**AVAILABLE RECORDS:**
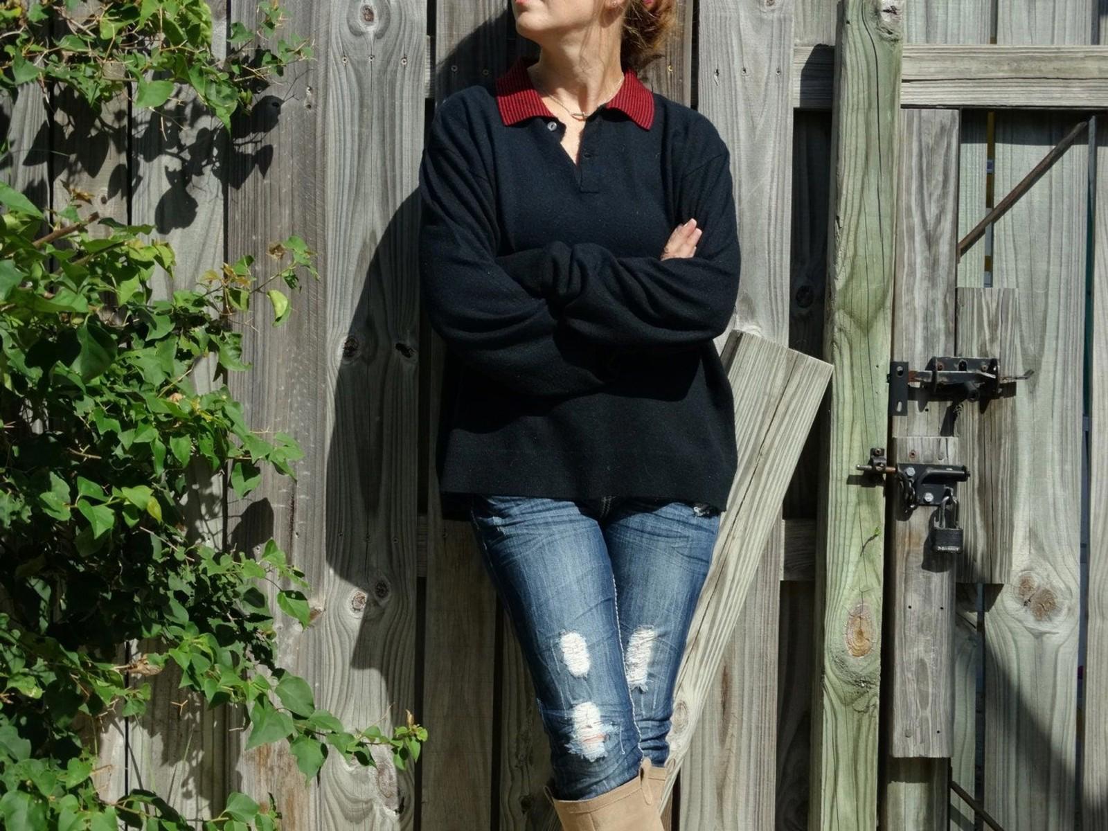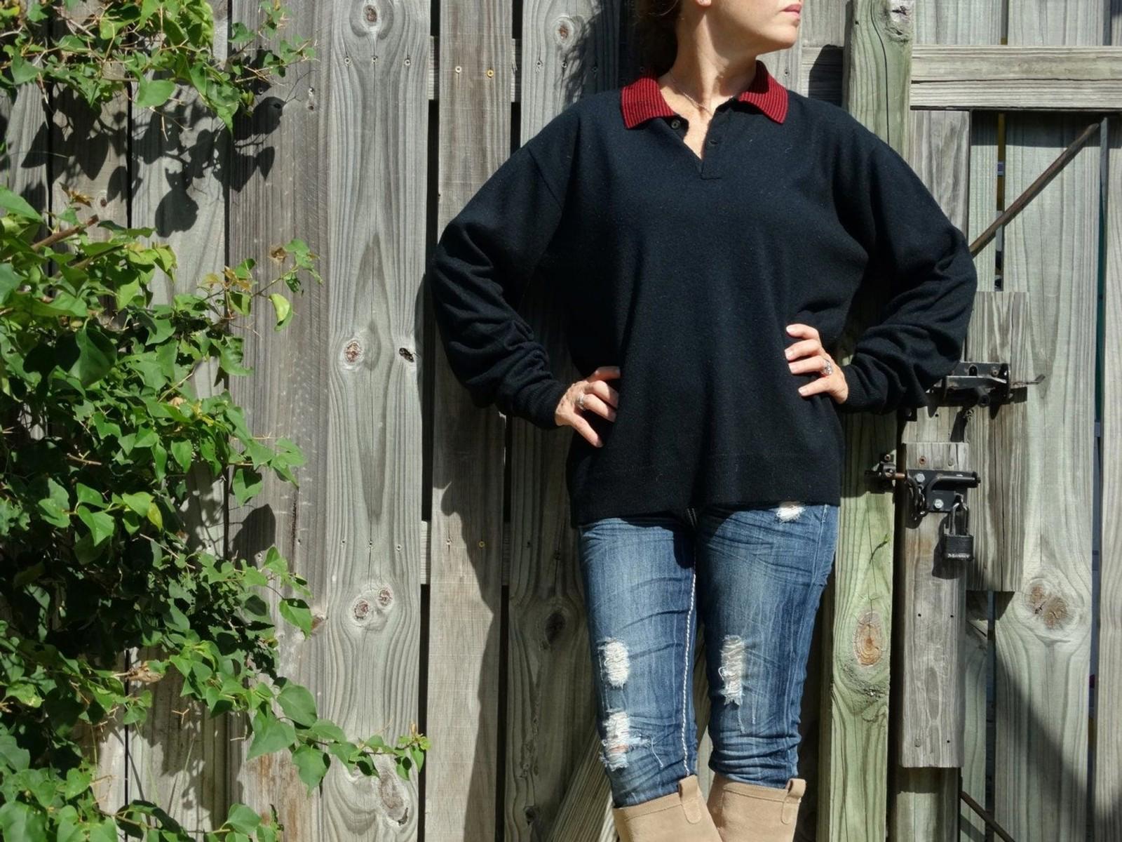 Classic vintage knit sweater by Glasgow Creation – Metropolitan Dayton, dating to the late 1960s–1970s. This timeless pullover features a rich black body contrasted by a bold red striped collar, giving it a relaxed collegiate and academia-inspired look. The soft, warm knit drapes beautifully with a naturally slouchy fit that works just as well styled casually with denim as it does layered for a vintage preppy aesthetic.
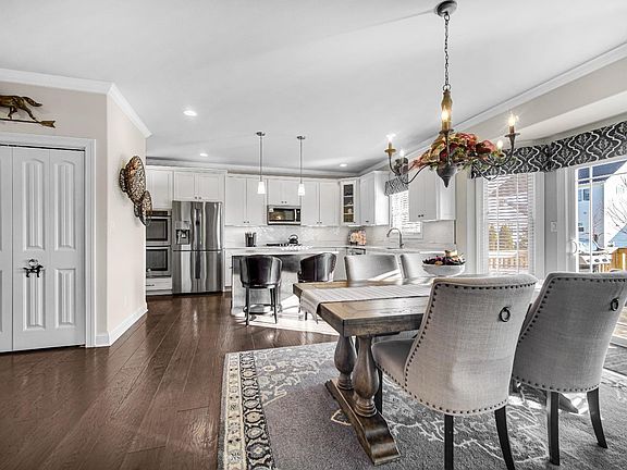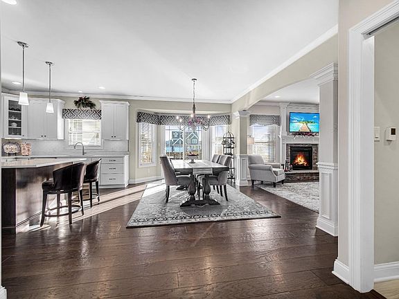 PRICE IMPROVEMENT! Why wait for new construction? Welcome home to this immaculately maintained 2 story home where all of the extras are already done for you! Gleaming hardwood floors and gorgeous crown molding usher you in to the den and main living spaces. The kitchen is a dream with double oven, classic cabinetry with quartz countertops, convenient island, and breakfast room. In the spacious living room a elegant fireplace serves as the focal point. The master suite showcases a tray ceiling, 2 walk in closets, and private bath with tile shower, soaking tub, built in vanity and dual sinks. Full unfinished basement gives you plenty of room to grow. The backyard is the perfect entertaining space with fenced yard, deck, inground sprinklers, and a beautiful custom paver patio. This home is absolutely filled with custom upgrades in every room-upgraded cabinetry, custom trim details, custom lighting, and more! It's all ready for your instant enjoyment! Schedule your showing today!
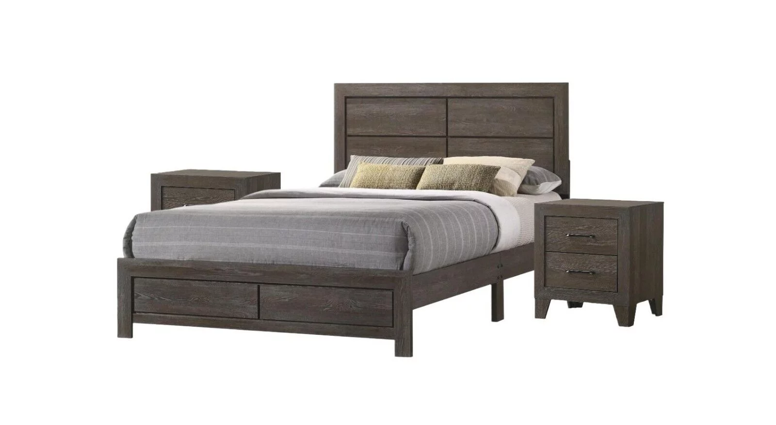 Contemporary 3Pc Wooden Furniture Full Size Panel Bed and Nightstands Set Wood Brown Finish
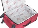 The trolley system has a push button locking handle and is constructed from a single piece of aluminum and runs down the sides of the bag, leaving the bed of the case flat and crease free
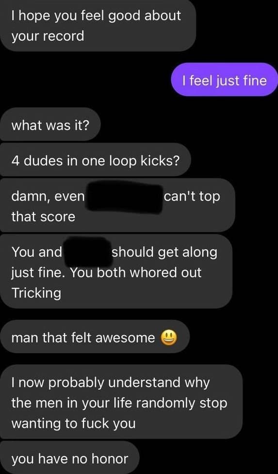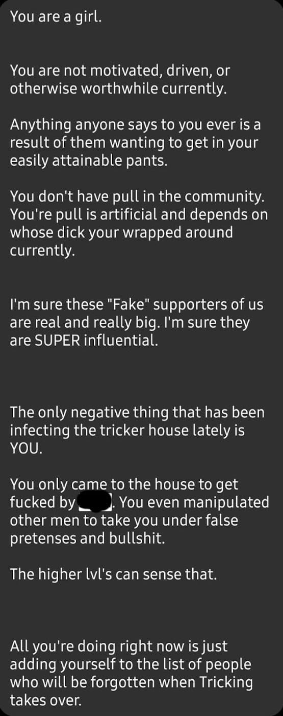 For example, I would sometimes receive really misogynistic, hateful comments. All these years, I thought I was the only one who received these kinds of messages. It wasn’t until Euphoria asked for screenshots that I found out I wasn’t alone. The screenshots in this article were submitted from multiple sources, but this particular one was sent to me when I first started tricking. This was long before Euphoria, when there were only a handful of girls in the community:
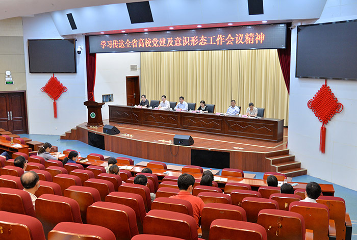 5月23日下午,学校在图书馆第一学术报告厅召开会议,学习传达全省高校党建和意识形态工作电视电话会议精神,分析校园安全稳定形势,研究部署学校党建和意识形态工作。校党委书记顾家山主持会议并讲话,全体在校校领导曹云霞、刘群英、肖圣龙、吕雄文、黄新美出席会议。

**AIM OF THE TASK:**
Each entry above should be returned exactly as written, minus its pictures.

**EXERCISE RESPONSE:**
 Classic vintage knit sweater by Glasgow Creation – Metropolitan Dayton, dating to the late 1960s–1970s. This timeless pullover features a rich black body contrasted by a bold red striped collar, giving it a relaxed collegiate and academia-inspired look. The soft, warm knit drapes beautifully with a naturally slouchy fit that works just as well styled casually with denim as it does layered for a vintage preppy aesthetic.
 PRICE IMPROVEMENT! Why wait for new construction? Welcome home to this immaculately maintained 2 story home where all of the extras are already done for you! Gleaming hardwood floors and gorgeous crown molding usher you in to the den and main living spaces. The kitchen is a dream with double oven, classic cabinetry with quartz countertops, convenient island, and breakfast room. In the spacious living room a elegant fireplace serves as the focal point. The master suite showcases a tray ceiling, 2 walk in closets, and private bath with tile shower, soaking tub, built in vanity and dual sinks. Full unfinished basement gives you plenty of room to grow. The backyard is the perfect entertaining space with fenced yard, deck, inground sprinklers, and a beautiful custom paver patio. This home is absolutely filled with custom upgrades in every room-upgraded cabinetry, custom trim details, custom lighting, and more! It's all ready for your instant enjoyment! Schedule your showing today!
 Contemporary 3Pc Wooden Furniture Full Size Panel Bed and Nightstands Set Wood Brown Finish
 The trolley system has a push button locking handle and is constructed from a single piece of aluminum and runs down the sides of the bag, leaving the bed of the case flat and crease free
 For example, I would sometimes receive really misogynistic, hateful comments. All these years, I thought I was the only one who received these kinds of messages. It wasn’t until Euphoria asked for screenshots that I found out I wasn’t alone. The screenshots in this article were submitted from multiple sources, but this particular one was sent to me when I first started tricking. This was long before Euphoria, when there were only a handful of girls in the community:
 5月23日下午,学校在图书馆第一学术报告厅召开会议,学习传达全省高校党建和意识形态工作电视电话会议精神,分析校园安全稳定形势,研究部署学校党建和意识形态工作。校党委书记顾家山主持会议并讲话,全体在校校领导曹云霞、刘群英、肖圣龙、吕雄文、黄新美出席会议。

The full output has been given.